Tip: This module uses Docker. If you have any docker related issue, refer to our troubleshooting section below or contact us.


Learning Objectives:

The biofilm metagenomics workflow self-learning module will serve for undergraduate through graduate level. The learning objectives vary slightly based on the audience. This Docker version will help users to achieve 2 learning objectives (LOs):

LO1. Concepts Inventory.
The learner will learn fundamental concepts related to microbiome and biofilm analysis. Biofilms have great importance for public health because of their role in certain infectious diseases and importance in a variety of device-related infections.

LO2 - Dataset and Toolkits.
The learner will be able to describe and manipulate datasets and toolkits relevant to microbiome analysis projects. Biofilm metagenomic analysis can be leveraged to aid in our understanding of microbial taxonomy, functions, interactions, ecology, and evolution.

The course consists of 5 learning submodules:

Submodule #0: Introduction - Concept Inventory and Workflow Overview
Submodule #1: Metagenome Data Preparation and QC
Submodule #2: Microbiome Analysis
Submodule #3: Biomarker Discovery
Submodule #4: Microbiome Community Analysis
Submodule #5: Running Workflows at Scale with Google Batch

Getting Started

Follow the steps highlighted here to create a new user-managed notebook in Vertex AI. Follow steps 1-8 and be especially careful to enable idle shutdown as highlighted in step 7. In step 5 click the Environment drop down menu, select 'Custom container'. A new field will pop up that says 'Docker container image'. Type in the following Docker container us-east4-docker.pkg.dev/nih-cl-shared-resources/nigms-sandbox/metagenomic-pipeline@sha256:2777ea8afbcd0f632ae7f04ebeb3a8ed21775fa3c6e9ba529046ba422bc8aaa7 then click CONTINUE at the bottom. In step 6 in the Machine type tab, select n1-standard-8 from the dropdown box.

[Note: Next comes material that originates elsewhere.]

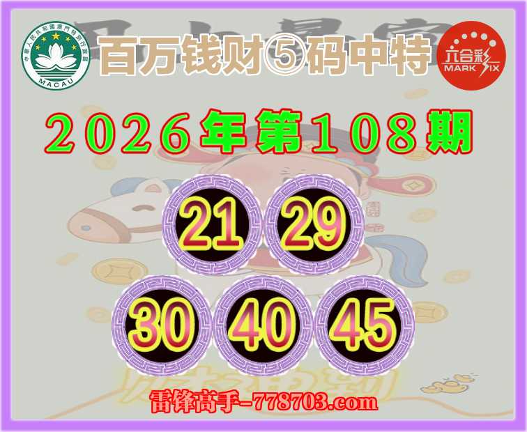 108期: 🐓『百万钱财』 🐓⑤码中特🐓【21.29.30.40.45】开:45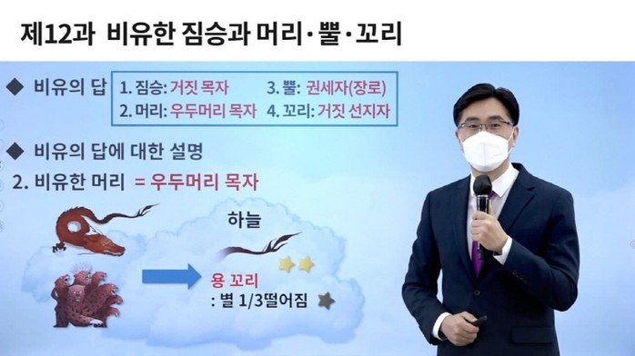 소 강사는 "하늘 장막에 있던 하나님의 목자와 성도들이 배도하게 되니 바다에서 짐승이 올라오게 되는데 그 짐승은 바로 일곱 머리 열뿔 짐승"이라며 짐승이 등장한 배경을 전했다.

After creating your Vertex AI notebook from custom Docker image metagenomic-pipeline:

  • Open Jupyter Lab
  • Open the terminal: Ctrl + Shift + L -> Other -> Terminal
  • Clone the our repo using the command git clone https://github.com/NIGMS/Metagenomics-Analysis-of-Biofilm-Microbiome.git

Software Requirements

Our Workflow Analytic Toolkits includes the following tools:

  • Docker
  • Jupyther Notebook
  • Custom Scripts
  • FastQC
  • MultiQC
  • Trimmomatic
  • QIIME2
  • Picrust2
  • MicrobiomeAnalystR
  • Google Big Query
  • BLAST+

Each dependency will be loaded at the beginning of the module and will allow the user to understand the context in which the package is relevant to our analytic process. Some will be integrated into requirements.yaml available in this repository. Some notebooks will require access to the Google Cloud Platform Vertex AI environment. You can install all necessary requirements using the instructions. They will generally look like this:

# Code install instructions
!pip install ./q2-picrust2

Workflow Diagrams

Bioinformatics Workflow Diagrams

USD workflow

Figure 1.5. Workflow. The metagenomics workflow includes the analysis of the biofilm composition, diversity and function. The workflow consists of 5 submodules.

Cloud Implementation Architecture of Our Workflow

The image below describes the cloud implementation of our analytic workflow. We will download sequence datasets and databases to our Vertex AI virtual machine, use custom kernels to run the analysis, then copy the outputs to a Cloud Storage bucket.

technical infrastructure diagram

Submodule 0 Introduction

Biofilms have great importance for public health because of their role in certain infectious diseases and importance in a variety of device-related infections. This submodule will expose the learner to fundamental concepts of microbiome analysis.

Submodule 1 Metagenome data preparation and QC

Step 1 - Core data Preparation:

The first step consists of identifying and downloading the project dataset and databases the rest of the submodules.

Step 2 - Raw data QC and improvement (FastQC, MultiQC):

Before analysis, we will check the dataset quality using FastQC and MultiQC.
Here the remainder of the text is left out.